Most data starts life as a mess. Turning raw data into tidy information is an integral part of any data science and analytics workflow. Learning the essentials of data cleaning is a must for every employee before they can tap the potential of the data they work with, says Gyorgy Paizs.
On April 1st, DAIN Studios released a Python package called Untidy, which turns clean datasets into messy ones. Our consultants had been looking for a tool that would help demonstrate the multitude of ways data can be corrupted in domain-specific datasets. Data generated by organizations is rarely clean to begin with, and tidying it remains one of the most time-consuming and least automated processes in a typical data workflow. Equipping companies with the necessary skills to do this has become a key mission for DAIN Studios as we help European companies on their journey towards data maturity – the point at which a company becomes proficient at making data-driven decisions at scale across the whole organization.
Why data literacy is important
Organizations with a high level of data maturity distinguish themselves from laggards in a number of ways. One element common to all of them is the wide availability of data skills spread across the organization. A study by McKinsey showed that 62 percent of executives at “high-performing companies” have an understanding of “data concepts”, against 43 percent at “all other organizations” – at 53 to 38 percent, the disparity is similar among managers.
However, understanding basic “data concepts” and their implications is not only a must for data practitioners, executives and managers. Every single employee should have an appreciation for fact-based decision-making. All employees should have at least the basic skills for reading and interpreting data they come across in their daily work. Only broadly anchored data literacy will allow a company to tap the full potential of the data it generates. That does not mean that every employee has to be a data scientist, but that each one can spot a data opportunity – and find someone in the organization able to help them exploit it.
Raw data is as messy as the world it measures and can come riddled with a multitude of problems: values can be missing, the so-called string encoding used to store data points can go wrong, statistical outliers may be lurking among all those variables. Such problems can be the result of technical issues, but also of human error.

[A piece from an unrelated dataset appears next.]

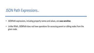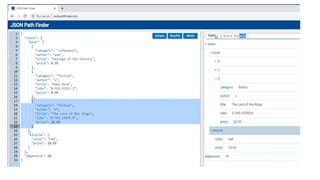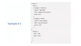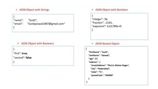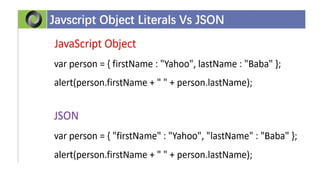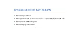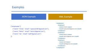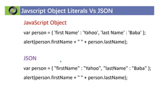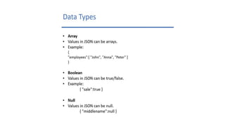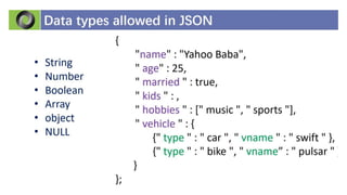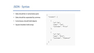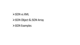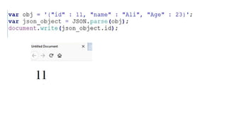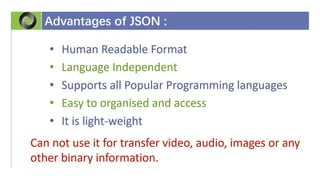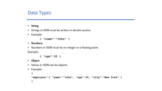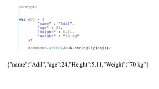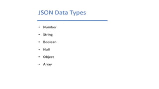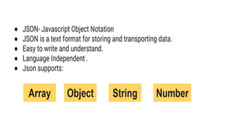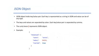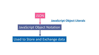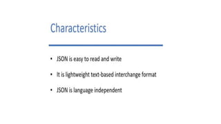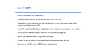 This document discusses JSON (JavaScript Object Notation), its uses, characteristics, data types, syntax, and how to convert JavaScript objects to and from JSON strings using the JSON.stringify() and JSON.parse() methods. It provides examples of using these methods to serialize a JavaScript object to a JSON string for transmission to a server, and to deserialize a received JSON string back into a JavaScript object.

Crucially, each raw-data set’s deficiencies are slightly different, so tackling them is as much an art as a science.
As the amount of data generated and collected by companies increases exponentially, there is ever more demand for data insights from all areas of an organization. Fostering data literacy beyond the hard core of data experts will reduce the likelihood of bottlenecks arising and new data opportunities being missed. It will increase a company’ chances of becoming truly data driven as its employees start thinking about data as they go about their daily tasks. Like sustainability, data has to be “lived” in and by every employee.
Training the next generation of citizen data scientists
In an increasingly competitive labor market for data talent, most organizations’ best bet will be to help existing employees become (more) data literate. We at DAIN Studios have been helping companies raise employees’ skills in order to increase data literacy and rear the first generation of “citizen data-scientist”. In making tidy data messy again, the Untidy Python package helps expose non-experts to the reality of messy data and the need to unscramble them before tapping the insights they contain. Untidy was designed to replicate the most common problems found in domain-specific datasets. By using real (not generic) data, the package puts trainees in a much better position to understand what data – and how much of it – can actually be saved in the cleaning process.
We are currently using Untidy as part of our data-training offering for a client from the manufacturing industry. The company collects millions of rows of sensor data from equipment across the world as part of normal daily operations. In this case, technical failures such as connection issues can introduce missing values, or a change of operational systems can cause inconsistencies into otherwise complete datasets. With Untidy, we can create and demonstrate the specific types of data problems that are possible in this environment – and how to deal with them. This not only equips employees with the necessary skills, it also builds awareness about the importance of data quality – a concept equally crucial to any data transformation.
The package is now available officially on pypi.org and can be installed just like any other standard python package.